Repeatedly hacked instagram account, how is this possible?

Day one, a call, the client's instagram account was hacked.
On this day, her account was already hacked, but she restored it through technical support, but after ten changes, the same thing happens, changing the password and mail without notification. At the same time, as she claims, the account was tied to a phone number.
Then I connect, they provide me with a link to restore, I restore access, indicate my mail, my password and link it to my phone number.
After 10 minutes, hacking again with changing the password and mail, but they cannot change the number, because of this, hackers do not have access to the page.
I restore access by standard means, but everything repeats again, it can happen again in an hour, or maybe in a day.
In fact, they have already changed the telephone itself, I log in from my phone or from a computer to linux.
Actually the question is, how is such an easy hacking instagram possible?
Or there is such a big security hole that someone is exploiting it.

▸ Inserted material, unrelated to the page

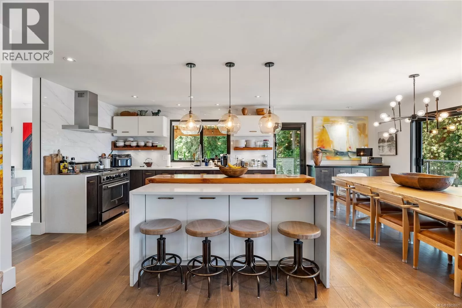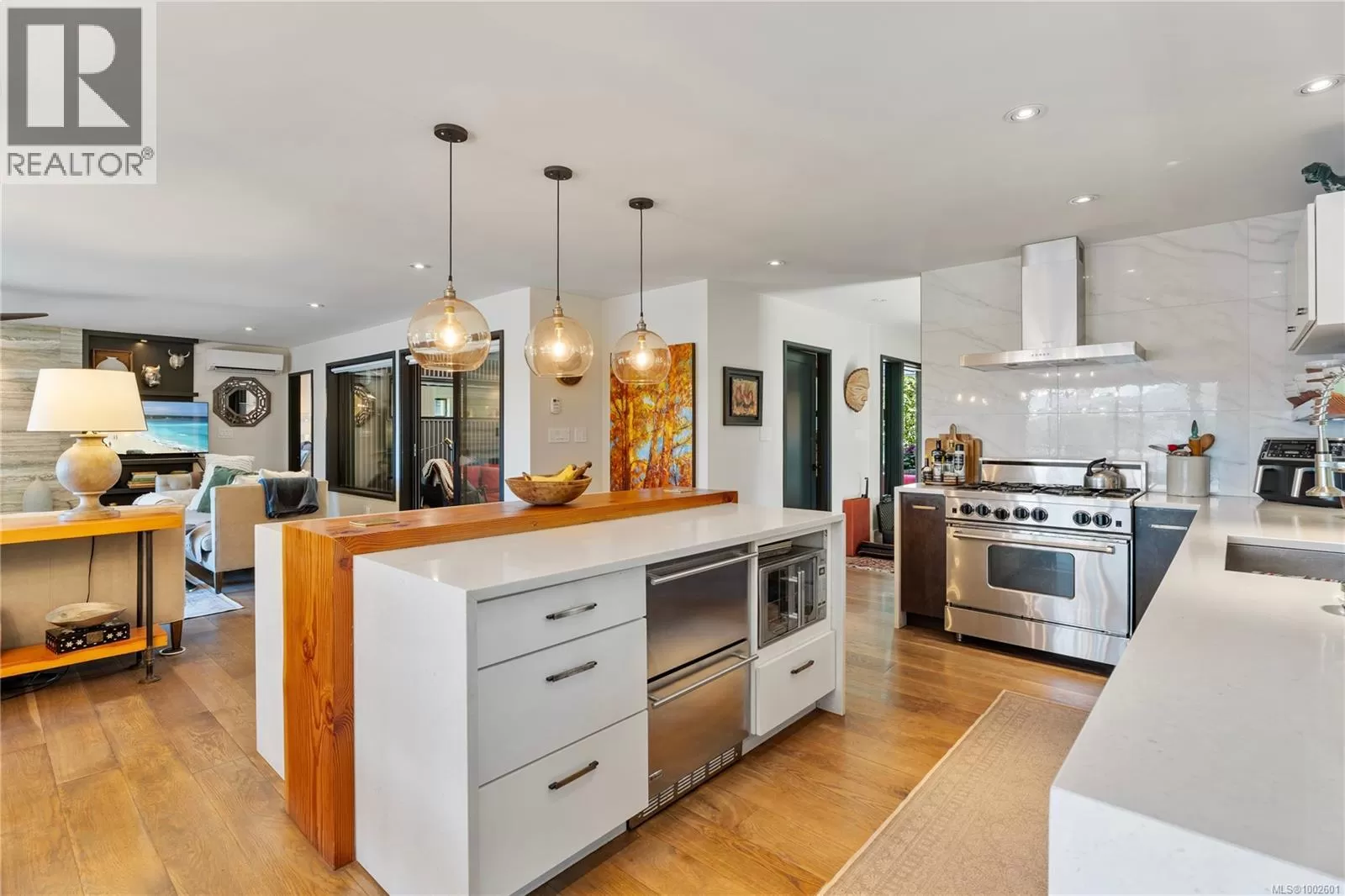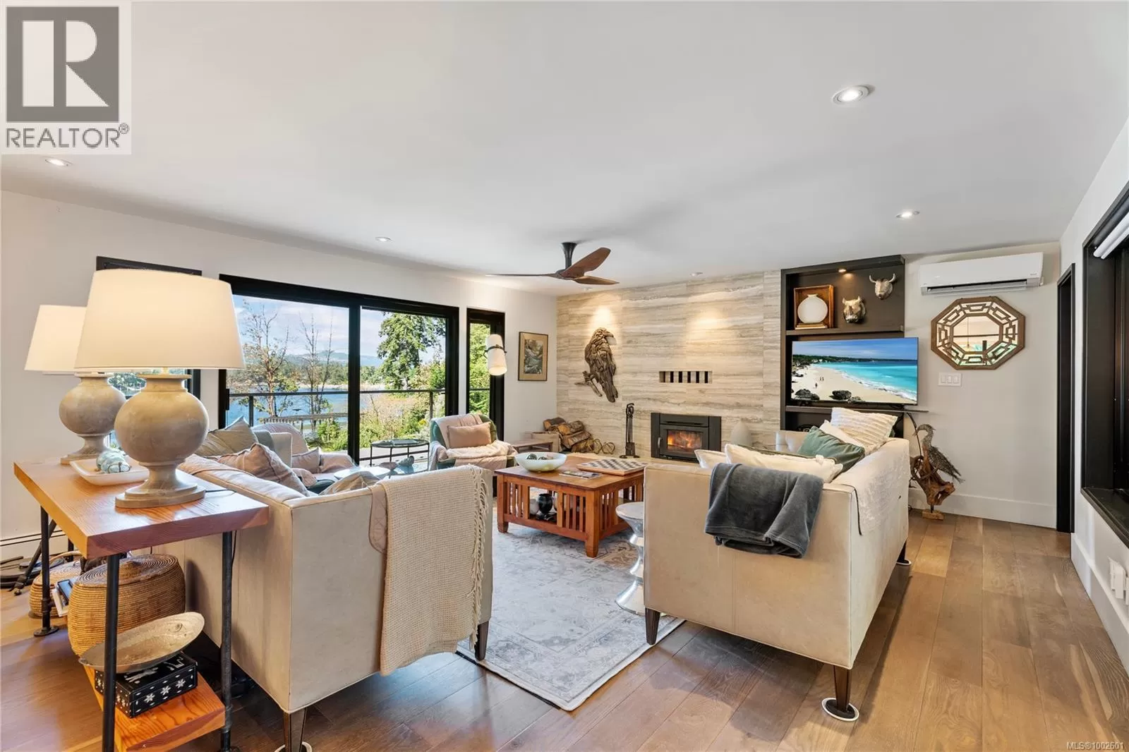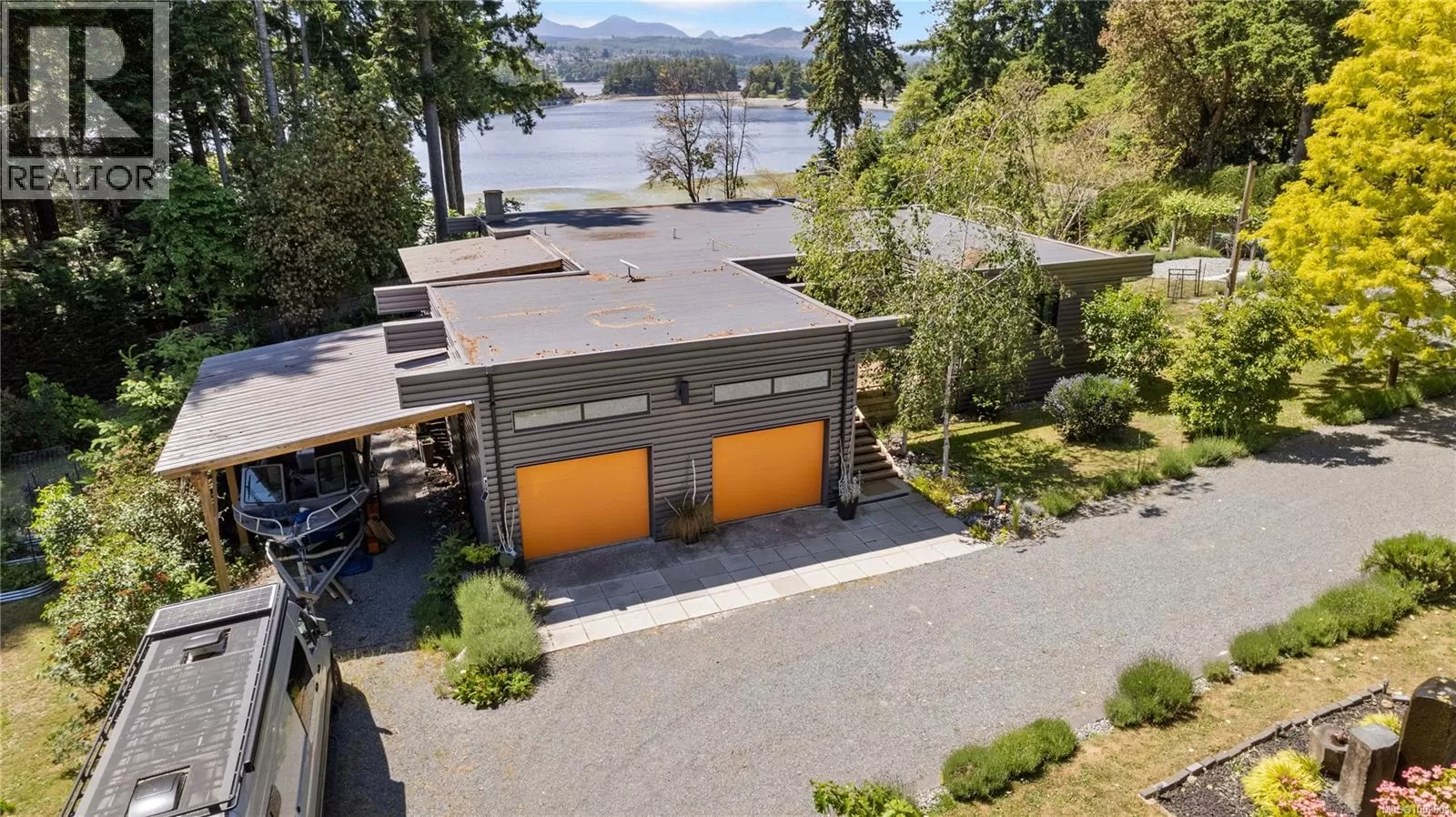 Welcome to your dream coastal retreat! This stunning contemporary-style oceanfront home in Ladysmith offers a rare opportunity to live on the edge of beautiful Sibell Bay, where the rhythm of the tides & breathtaking west-facing views set the tone for daily life. Thoughtfully designed with elegance & functionality in mind, this 2,650 sq.ft. main-level entry home with a walk-out basement is the perfect blend of modern luxury & relaxed seaside living. The main floor features a gourmet chefâs kitchen outfitted with premium appliances, ample cabinetry, & sleek countertopsâideal for preparing meals while taking in the ocean views. The spacious living room centers around a cozy woodstove insert, creating a warm & inviting atmosphere for gathering with family and friends. The primary bedroom wing is a true sanctuary, complete with a grand ensuite bath, generous closet space, & a private office or sitting areaâperfect for remote work or quiet reflection. Step out onto the expansive main floor deck & soak in panoramic ocean views that stretch across the bayâespecially magical at sunset. Downstairs, the walk-out lower level extends your living space with a covered patio, fully equipped outdoor kitchen, & a comfortable area for outdoor movie nights. Ideal for entertaining or unwinding after a day on the water. Follow the landscaped path down to the walk-on waterfront, where youâll find a hot tub, sauna, & stairs leading to a private oceanfront deck & beach access. Whether you're into kayaking, paddleboarding, or simply relaxing by the shore, this property invites you to make the most of life by the sea. Beautifully manicured yard offers both privacy & beauty, & there's ample space for gardening or play. Must be purchased with the adjacent lotâwith a 3-car garage/suite, & stunning pool. MLS 1002692. It features a 3-car garage with guest suite & a glorious in-ground pool, creating the opportunity for a true gated oceanfront estate. Bring your water toys & sense of adventure. (id:27476)

Maybe someone came across.

UPD:

If everything was that simple, it would be good.
1. The computer cannot be infected, I already wrote my computer on Linux, the client comes in general only from the phone, the client's phone has even been reset to factory settings.
2. I restored access, I did not have time to transfer the password to the client, as after 10 minutes hacking, i.e. no matter what device the login is from, hacking is carried out smoothly.
3. I generated a clear case password with uppercase and lowercase letters, numbers and symbols.
4. I have already linked the account to my mail, obviously no one has hacked it, and judging by the hacking method, they do not care what mail is indicated there. No notifications come to the mail, only when they change their mail and password, they try to re-enter, they are asked for a confirmation code that comes to the phone.
Of course, I understand that a hole in Instagram is unlikely, but at the moment I am inclined to this option, because hacking occurs regardless of the complexity of the password and the specified mail, regardless of which device the user comes from.
With all this, those support is silent.

UPD2:

News from the battlefields. Intermediate result:
It turned out that the client gave the account password himself. That is, no one hacked anyone.
The only question that remains is how the attackers change the mail and password, almost immediately after changing their owner.
At the moment, no one has access.
When restoring through the support service, they send a link to the recovery, we set our password, then we try to log in by entering our mail and password, he accepts them, but asks for a confirmation code, which is sent to the attacker's mail. Tech support does not respond to this, only sends a new link.
By some miracle, the phone got rid of the account itself and it was definitely not the attackers who changed it, since when they enter the account they are asked for a confirmation code, which should be sent to my cell number, but in fact does not come.